> [Exercise description]:
For the material below, the expected output is exactly the lines between the line holding "Ready to make" and the line holding "Fuzzy Oversized Cardigan - Black", inclusive, with pictures left out.

> [Dataset records]:
::::

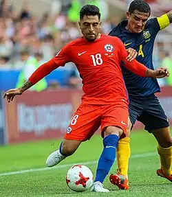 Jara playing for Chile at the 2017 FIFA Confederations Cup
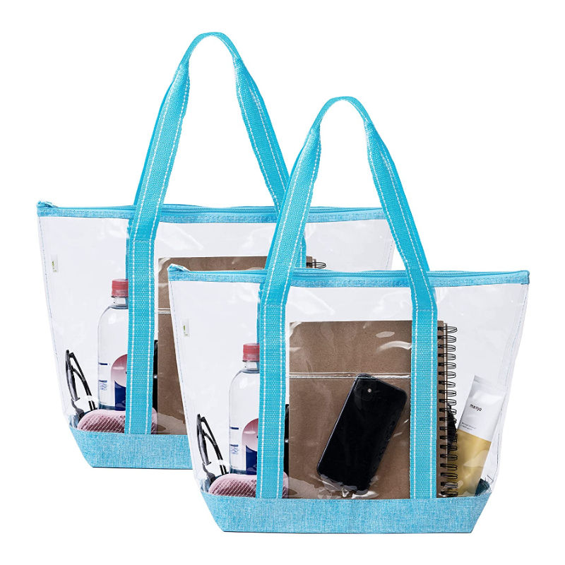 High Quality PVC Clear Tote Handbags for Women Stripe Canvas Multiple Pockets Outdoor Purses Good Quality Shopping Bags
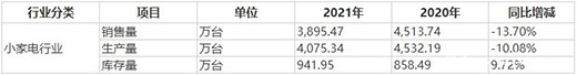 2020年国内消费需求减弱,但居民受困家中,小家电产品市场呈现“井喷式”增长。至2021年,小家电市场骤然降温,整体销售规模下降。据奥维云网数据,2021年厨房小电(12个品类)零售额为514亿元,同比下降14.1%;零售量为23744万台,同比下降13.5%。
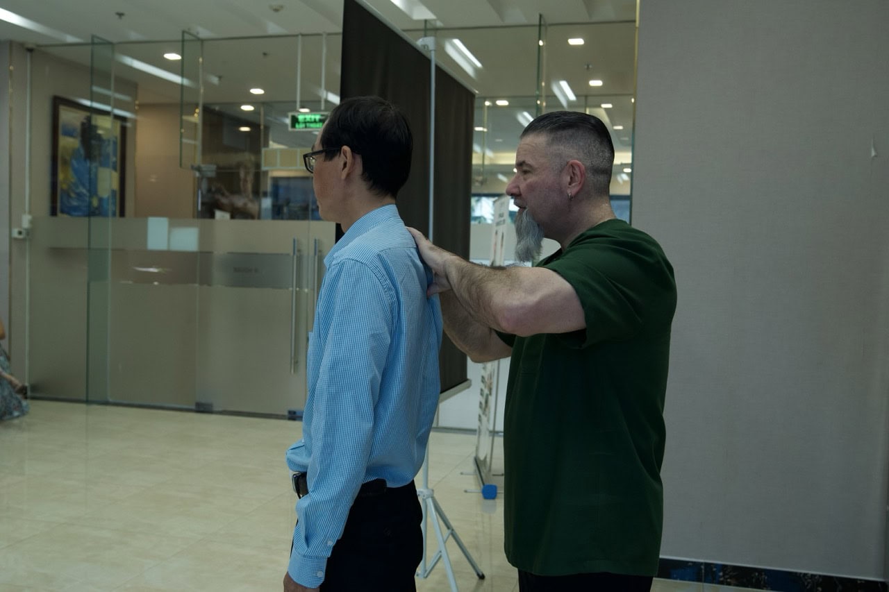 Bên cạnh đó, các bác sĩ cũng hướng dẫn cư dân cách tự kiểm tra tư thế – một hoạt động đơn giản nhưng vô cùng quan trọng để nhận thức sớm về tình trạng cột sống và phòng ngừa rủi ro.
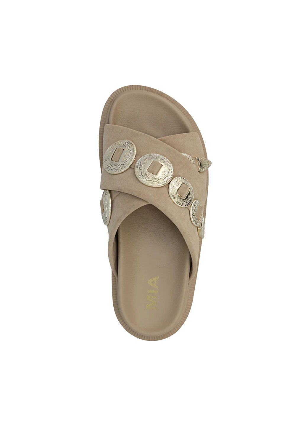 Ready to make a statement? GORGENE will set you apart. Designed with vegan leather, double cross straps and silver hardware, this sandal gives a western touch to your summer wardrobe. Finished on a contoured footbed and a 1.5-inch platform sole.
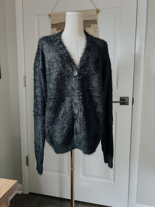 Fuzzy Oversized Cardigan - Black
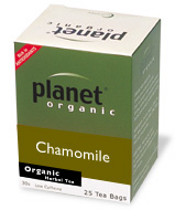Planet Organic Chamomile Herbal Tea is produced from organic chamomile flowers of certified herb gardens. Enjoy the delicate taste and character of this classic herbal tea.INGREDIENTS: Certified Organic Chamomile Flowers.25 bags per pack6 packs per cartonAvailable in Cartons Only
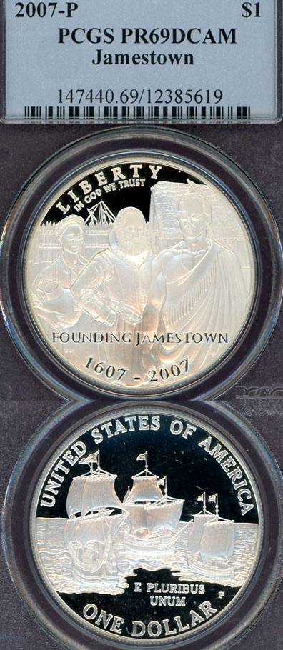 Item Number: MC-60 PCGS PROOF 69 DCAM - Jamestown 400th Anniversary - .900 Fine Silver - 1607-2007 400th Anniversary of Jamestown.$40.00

::::

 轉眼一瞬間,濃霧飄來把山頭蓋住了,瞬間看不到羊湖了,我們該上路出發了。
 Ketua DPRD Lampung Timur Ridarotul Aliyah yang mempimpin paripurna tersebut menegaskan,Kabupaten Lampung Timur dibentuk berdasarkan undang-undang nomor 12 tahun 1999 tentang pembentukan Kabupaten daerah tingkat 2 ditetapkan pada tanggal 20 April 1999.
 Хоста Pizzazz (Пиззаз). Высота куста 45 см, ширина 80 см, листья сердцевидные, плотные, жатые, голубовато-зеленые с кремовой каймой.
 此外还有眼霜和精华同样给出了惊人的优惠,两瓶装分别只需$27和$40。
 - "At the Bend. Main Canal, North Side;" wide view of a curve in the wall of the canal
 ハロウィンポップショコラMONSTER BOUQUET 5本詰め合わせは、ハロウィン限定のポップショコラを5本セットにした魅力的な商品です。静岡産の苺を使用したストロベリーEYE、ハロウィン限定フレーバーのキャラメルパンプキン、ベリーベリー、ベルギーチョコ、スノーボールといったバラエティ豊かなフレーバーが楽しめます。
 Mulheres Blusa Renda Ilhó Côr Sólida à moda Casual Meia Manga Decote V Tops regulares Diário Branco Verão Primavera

::::

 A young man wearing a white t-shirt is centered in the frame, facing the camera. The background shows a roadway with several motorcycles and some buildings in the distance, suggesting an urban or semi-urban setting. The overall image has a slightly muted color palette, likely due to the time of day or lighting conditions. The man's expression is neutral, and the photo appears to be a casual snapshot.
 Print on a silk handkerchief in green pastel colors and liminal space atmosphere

::::

> [Answer section]:
 Ready to make a statement? GORGENE will set you apart. Designed with vegan leather, double cross straps and silver hardware, this sandal gives a western touch to your summer wardrobe. Finished on a contoured footbed and a 1.5-inch platform sole.
 Fuzzy Oversized Cardigan - Black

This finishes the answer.